Assignment ->
Copy exactly the lines of the data below, beginning with the line with "- More Options" and ending with the line with "China supplier cartoon". Pictures are to be omitted.

:: Recorded data ::

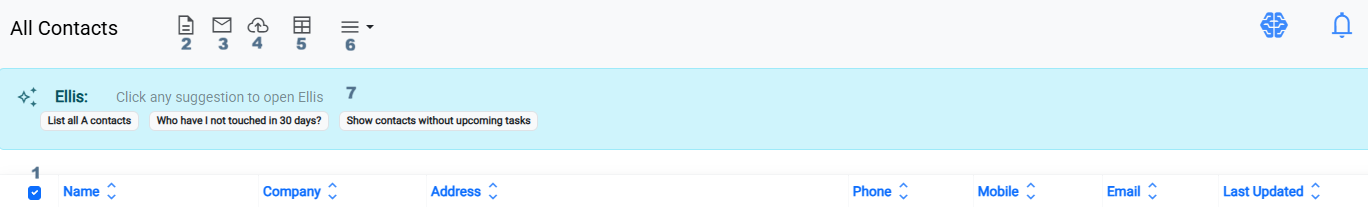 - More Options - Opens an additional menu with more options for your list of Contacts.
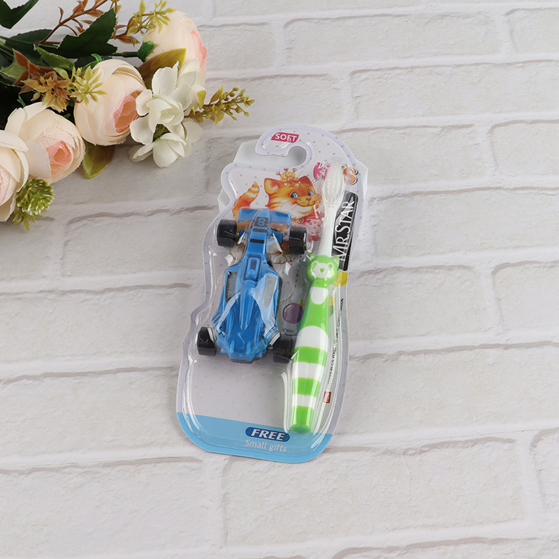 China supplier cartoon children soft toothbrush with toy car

:::
:: Recorded data ::

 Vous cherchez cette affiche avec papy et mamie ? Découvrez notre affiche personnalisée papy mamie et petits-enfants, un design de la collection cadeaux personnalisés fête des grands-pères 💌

:::

Task solution ->
 - More Options - Opens an additional menu with more options for your list of Contacts.
 China supplier cartoon children soft toothbrush with toy car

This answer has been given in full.